Journalism is a tricky business. It can be a hard one to break into, and sometimes, no prior journalism training is needed. What is needed? Experience. That is why blogging is so important for journalism students; it allows us to write. We can use our blogs to write about whatever we’re not able to write about at school or in our school newspapers. Montreal-based blogger Steve Faguy, who happens to be a graduate of Concordia’s journalism program, stresses the importance of getting proper experience in the field. In a blog post about today’s journalism students lacking enthusiasm for the field, he states “[…]when I talk to journalism students, I implore them to start doing journalism, to start covering stories that aren’t being covered. It doesn’t matter if it’s for a blog or a university paper or the New York Times magazine”. As a working journalist, he knows that it can be difficult to get work once you’re out of school. 

Besides the fact that blogging is a great way to get writing experience, it’s also a way to gain an audience. Sue Greenwood of Staffordshire University, who teaches a class on blogging for journalism students, teaches her students more than just journalistic writing. She teaches them how to write what people want to read and how to attract people to their website. It’s more than just writing skills, it’s about how to use the right words to draw people in through web searches, for example. For people in the industry, knowing the exact audience isn’t quite as important, but, as she states, “that’s what effective bloggers do”. 

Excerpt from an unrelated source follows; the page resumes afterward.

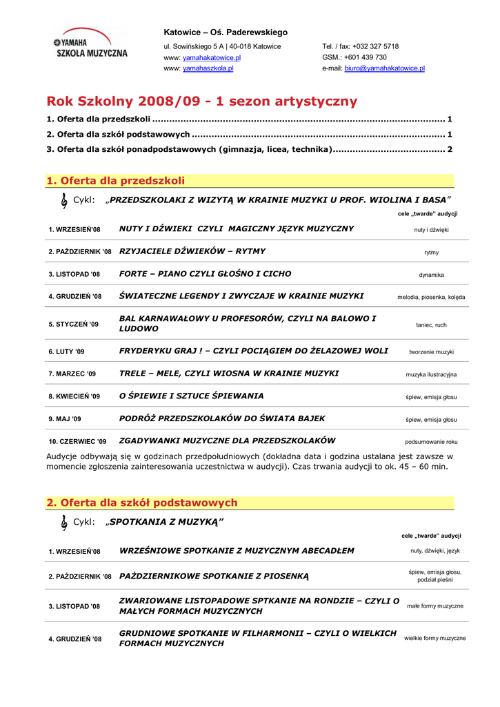 Katowice – Oś. Paderewskiego ul. Sowińskiego 5 A | 40-018 Katowice Tel. / fax: +032 327 5718 www: yamahakatowice.pl GSM.: +601 439 730 www: yamahaszkola.pl e-mail: [email protected] Rok Szkolny 2008/09 - 1 sezon artystyczny 1. Oferta dla przedszkoli ........................................................................................................ 1 2. Oferta dla szkół podstawowych .......................................................................................... 1 3. Oferta dla szkół ponadpodstawowych (gimnazja, licea, technika)........................................ 2 1. Oferta dla przedszkoli & Cykl: „PRZEDSZKOLAKI Z WIZYTĄ W KRAINIE MUZYKI U PROF. WIOLINA I BASA” cele „twarde” audycji 1. WRZESIEŃ’08 NUTY I DŹWIEKI CZYLI MAGICZNY JĘZYK MUZYCZNY 2. PAŹDZIERNIK ’08 RZYJACIELE DŹWIEKÓW – RYTMY 3. LISTOPAD ’08 FORTE – PIANO CZYLI GŁOŚNO I CICHO 4. GRUDZIEŃ ’08 ŚWIATECZNE LEGENDY I ZWYCZAJE W KRAINIE MUZYKI 5. STYCZEŃ ’09 BAL KARNAWAŁOWY U PROFESORÓW, CZYLI NA BALOWO I LUDOWO 6. LUTY ’09 FRYDERYKU GRAJ ! – CZYLI POCIĄGIEM DO ŻELAZOWEJ WOLI 7. MARZEC ’09 TRELE – MELE, CZYLI WIOSNA W KRAINIE MUZYKI muzyka ilustracyjna 8. KWIECIEŃ ’09 O ŚPIEWIE I SZTUCE ŚPIEWANIA śpiew, emisja głosu 9. MAJ ’09 PODRÓŻ PRZEDSZKOLAKÓW DO ŚWIATA BAJEK śpiew, emisja głosu 10. CZERWIEC ’09 ZGADYWANKI MUZYCZNE DLA PRZEDSZKOLAKÓW podsumowanie roku nuty i dźwięki rytmy dynamika melodia, piosenka, kolęda taniec, ruch tworzenie muzyki Audycje odbywają się w godzinach przedpołudniowych (dokładna data i godzina ustalana jest zawsze w momencie zgłoszenia zainteresowania uczestnictwa w audycji). Czas trwania audycji to ok. 45 – 60 min. 2. Oferta dla szkół podstawowych & Cykl: „SPOTKANIA Z MUZYKĄ” cele „twarde” audycji 1. WRZESIEŃ’08 WRZEŚNIOWE SPOTKANIE Z MUZYCZNYM ABECADŁEM 2. PAŹDZIERNIK ’08 PAŻDZIERNIKOWE SPOTKANIE Z PIOSENKĄ 3. LISTOPAD ’08 ZWARIOWANE LISTOPADOWE SPTKANIE NA RONDZIE – CZYLI O MAŁYCH FORMACH MUZYCZNYCH małe formy muzyczne 4. GRUDZIEŃ ’08 GRUDNIOWE SPOTKANIE W FILHARMONII – CZYLI O WIELKICH FORMACH MUZYCZNYCH wielkie formy muzyczne nuty, dźwięki, język śpiew, emisja głosu, podział pieśni www.yamahakatowice.pl „Audycje Muzyczne prowadzone przez Szkołę Muzyczna Yamaha w Katowicach to „AUDYCJE INNE NIŻ WSZYSTKIE”, z uwagi na ciekawe metody przyswajania wiedzy, bazujące na aktywnym słuchaniu muzyki połączone z rozwijaniem zainteresowań muzycznych wśród dzieci i młodzieży.” 5. STYCZEŃ ’09 W ZIMOWYM NASTROJU STYCZNIOWYM charakter i nastrój w utworach 6. LUTY ’09 ZIMOWA WĘDRÓWKA DO GALERII OBRAZÓW MALOWANYCH MUZYKĄ – CZYLI O MUZYCE ILUSTRACYJNEJ I PROGRAMOWEJ muzyka ilustracyjna / programowa 7. MARZEC ’09 W MARCOWYCH BARWACH I ODCIENIACH AEROFONÓW CZYLI INSTRUMENTÓW DĘTYCH instrumenty muzyczne 8. KWIECIEŃ ’09 WIOSENNE SPOTKANIE Z WIBRUJĄCĄ STRUNĄ CHORDOFONÓW instrumenty muzyczne 9. MAJ ’09 MAJOWE SPOTKANIE NA POLSKIEJ ZIEMI CZYLI O MUZYCE PATRIOTYCZNEJ I NARODOWEJ 10. CZERWIEC ’09 ROZTAŃCZONE LATO NA POLSKIEJ WSI. O MUZYCE I TAŃCACH LUDOWYCH Polska muzyka narodowa taniec i muzyka ludowa Audycje odbywają się w godzinach przedpołudniowych (dokładna data i godzina ustalana jest zawsze w momencie zgłoszenia zainteresowania uczestnictwa w audycji). Czas trwania audycji to ok. 60 – 90 min. 3. Oferta dla szkół ponadpodstawowych (gimnazja, licea, technika) & Cykl: „OD JESIENNCH SPOTKAŃ BAROKOWYCH PRZEZ KLASYCZNE WIECZORY ZIMOWE DO ROMANTYCZNYCH PORANKÓW WIOSENNYCH” cele „twarde” audycji 1. WRZESIEŃ’08 BAROK – PERŁA O NIERÓWNYCH BRZEGACH epoka 2. PAŹDZIERNIK ’08 J. S. BACH; J. F. HAENDEL; A. VIVALDI – MISTRZAMI BAROKU twórcy 3. LISTOPAD ’08 FORMY I DZIEŁA MUZYKI BAROKOWEJ dzieła 4. GRUDZIEŃ ’08 O PANACH W ŻABOTACH I PERUKACH CZYLI O MUZYCE KLASYCZNEJ epoka 5. STYCZEŃ ’09 WIEDEŃSKIE TRIO CZYLI J. HAYDN, W.A. MOZART I L.VAN BEETHOVEN twórcy 6. LUTY ’09 KLASYCZNY = DOSKONAŁY CZYLI O STYLU I FORMACH MUZYKI KLASYCZNEJ dzieła 7. MARZEC ’09 SZTUKA DLA SZTUKI CZYLI O MUZYCE W EPOCE ROMANTYCZNEJ epoka 8. KWIECIEŃ ’09 FRYDERYK CHOPIN – NAJWYBITNIEJSZA POSTAĆ KULTURY POLSKIEJ twórcy 9. MAJ ’09 10. CZERWIEC ’09 EMOCJONALIZM, LIRYZM I SUBIEKTYWIZM W ROMANTYCZNYCH FORMACH I UTWORACH MUZYCZNYCH XIX WIECZNE STYLE NARODOWE W MUZYCE (NEOROMANTYZM) dzieła epoka / twórcy / dzieła / szkoły Audycje odbywają się w godzinach przedpołudniowych (dokładna data i godzina ustalana jest zawsze w momencie zgłoszenia zainteresowania uczestnictwa w audycji). Czas trwania audycji to ok. 60 – 90 min. Szkoła Muzyczna YAMAHA w Katowicach istnieje od września 2006 roku i jest jedną z najlepszych w kraju. Potwierdzeniem są nagrody „Szkoła Roku 2006 / 2007” oraz „Szkoła Roku 2007 / 2008”. Obecnie uczy się w niej ponad 300 uczniów na 21 programach nauczania, w tym prawie 30 niemowlaków. Szkoła planuje wprowadzenie nowych programów (skrzypce, perkusja dla dzieci), jak również wdrożenie systemu zarządzania jakością, zgodnego z normą ISO 9001:2000. Więcej informacji na www.yamahakatowice.pl

Even though many of us can see why, in today’s society, blogging is an important task, some bloggers still don’t see it as being a reputable form of journalism. As it was simply put on the blog The Anti-Social Media: “There’s nothing wrong with enjoying a blogger’s perspective and opinions. Just don’t forget they’re not out for factual accuracy and have an agenda to fulfill”. Although I agree that maybe some bloggers are merely people talking about what annoys them and are not reputable sources, it’s not fair to completely disregard the medium completely. 

Speaking as a student and aspiring journalist, I’ve found that blogging is a great way to practice my writing, but also to express myself. If you’re thinking of starting your own blog, there are some things you should know:

Journalism 101:
Since many bloggers are known to share their opinions while completely disregarding any form of impartiality, it’s important to know the basics of journalism if you plan to run your blog professionally.

6 Things To Consider: 
Similarly, this is another resource for up and coming bloggers who wish to stick to the journalistic integrity. It gives tips on how to make your blog “seem more professional and reliable”.

New York Times Blog Directory:
Lastly, I though I would include a list well-done blogs as a point of reference. This list of reputable, New York Times affiliated blogs just goes to show that it can indeed be a form of journalism, not just a place for people to vent.